[DATA PROVIDED]
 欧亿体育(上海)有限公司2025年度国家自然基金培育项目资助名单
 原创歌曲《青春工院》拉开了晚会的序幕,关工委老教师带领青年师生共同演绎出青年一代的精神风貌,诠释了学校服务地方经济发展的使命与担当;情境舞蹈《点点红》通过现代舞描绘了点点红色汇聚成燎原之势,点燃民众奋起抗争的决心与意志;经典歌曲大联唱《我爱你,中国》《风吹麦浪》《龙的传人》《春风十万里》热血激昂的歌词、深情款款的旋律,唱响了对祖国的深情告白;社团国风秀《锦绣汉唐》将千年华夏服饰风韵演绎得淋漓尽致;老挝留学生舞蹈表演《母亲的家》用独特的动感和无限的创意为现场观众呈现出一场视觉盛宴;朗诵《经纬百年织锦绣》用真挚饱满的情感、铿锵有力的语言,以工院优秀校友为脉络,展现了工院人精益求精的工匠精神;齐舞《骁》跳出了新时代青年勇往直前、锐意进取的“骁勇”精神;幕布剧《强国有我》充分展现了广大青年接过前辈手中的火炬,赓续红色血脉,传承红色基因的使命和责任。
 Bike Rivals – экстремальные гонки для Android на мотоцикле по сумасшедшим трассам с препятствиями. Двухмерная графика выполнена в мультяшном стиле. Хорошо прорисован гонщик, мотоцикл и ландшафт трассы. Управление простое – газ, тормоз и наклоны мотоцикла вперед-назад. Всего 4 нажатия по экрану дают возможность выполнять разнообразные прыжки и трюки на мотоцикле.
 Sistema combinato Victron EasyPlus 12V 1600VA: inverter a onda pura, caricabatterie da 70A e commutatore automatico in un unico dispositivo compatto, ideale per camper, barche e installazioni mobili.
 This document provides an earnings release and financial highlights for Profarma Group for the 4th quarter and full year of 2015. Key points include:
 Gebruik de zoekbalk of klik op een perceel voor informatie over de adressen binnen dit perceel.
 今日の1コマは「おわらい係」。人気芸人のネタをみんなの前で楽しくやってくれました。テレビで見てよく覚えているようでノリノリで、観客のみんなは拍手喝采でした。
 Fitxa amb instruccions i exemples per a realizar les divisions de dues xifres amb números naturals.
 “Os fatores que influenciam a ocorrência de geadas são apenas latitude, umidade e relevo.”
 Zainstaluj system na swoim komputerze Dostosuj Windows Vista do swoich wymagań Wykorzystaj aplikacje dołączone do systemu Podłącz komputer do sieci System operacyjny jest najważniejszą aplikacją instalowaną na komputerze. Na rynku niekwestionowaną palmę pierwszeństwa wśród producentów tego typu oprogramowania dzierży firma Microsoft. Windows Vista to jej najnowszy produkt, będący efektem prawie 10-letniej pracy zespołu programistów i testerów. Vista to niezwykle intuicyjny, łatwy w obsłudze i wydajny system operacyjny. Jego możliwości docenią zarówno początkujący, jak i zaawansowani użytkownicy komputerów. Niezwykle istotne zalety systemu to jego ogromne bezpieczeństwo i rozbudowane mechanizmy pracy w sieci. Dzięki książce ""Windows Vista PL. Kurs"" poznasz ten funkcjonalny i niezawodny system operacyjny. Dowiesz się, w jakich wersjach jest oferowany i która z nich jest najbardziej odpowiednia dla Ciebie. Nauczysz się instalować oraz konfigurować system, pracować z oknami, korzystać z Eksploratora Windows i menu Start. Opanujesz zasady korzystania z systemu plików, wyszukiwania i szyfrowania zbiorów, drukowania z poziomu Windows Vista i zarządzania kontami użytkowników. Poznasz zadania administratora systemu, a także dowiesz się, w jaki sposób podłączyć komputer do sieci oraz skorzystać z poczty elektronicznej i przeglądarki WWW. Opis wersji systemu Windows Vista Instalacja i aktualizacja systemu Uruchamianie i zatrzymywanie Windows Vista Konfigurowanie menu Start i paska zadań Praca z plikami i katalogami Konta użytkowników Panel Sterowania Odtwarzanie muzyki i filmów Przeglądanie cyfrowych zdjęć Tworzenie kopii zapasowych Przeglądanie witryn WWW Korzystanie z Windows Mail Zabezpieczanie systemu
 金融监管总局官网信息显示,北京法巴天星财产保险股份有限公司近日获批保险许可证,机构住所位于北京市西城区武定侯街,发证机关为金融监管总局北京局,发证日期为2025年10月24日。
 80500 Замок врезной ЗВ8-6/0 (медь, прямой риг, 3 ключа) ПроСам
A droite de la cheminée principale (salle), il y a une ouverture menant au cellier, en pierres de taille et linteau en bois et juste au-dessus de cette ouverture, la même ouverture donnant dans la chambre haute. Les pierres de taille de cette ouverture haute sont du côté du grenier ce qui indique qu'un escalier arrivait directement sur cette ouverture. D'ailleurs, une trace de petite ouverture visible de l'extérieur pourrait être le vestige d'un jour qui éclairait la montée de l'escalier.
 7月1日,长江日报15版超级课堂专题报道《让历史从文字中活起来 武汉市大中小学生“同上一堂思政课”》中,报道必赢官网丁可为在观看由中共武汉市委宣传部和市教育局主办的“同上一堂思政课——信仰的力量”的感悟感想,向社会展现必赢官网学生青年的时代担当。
[/DATA PROVIDED]
### REQUIREMENT
Repeat, exactly as they stand above, the lines from the line with "This document provides" to the line with "今日の1コマは「おわらい係」", both lines included.

### COMPLETED EXERCISE
 This document provides an earnings release and financial highlights for Profarma Group for the 4th quarter and full year of 2015. Key points include:
 Gebruik de zoekbalk of klik op een perceel voor informatie over de adressen binnen dit perceel.
 今日の1コマは「おわらい係」。人気芸人のネタをみんなの前で楽しくやってくれました。テレビで見てよく覚えているようでノリノリで、観客のみんなは拍手喝采でした。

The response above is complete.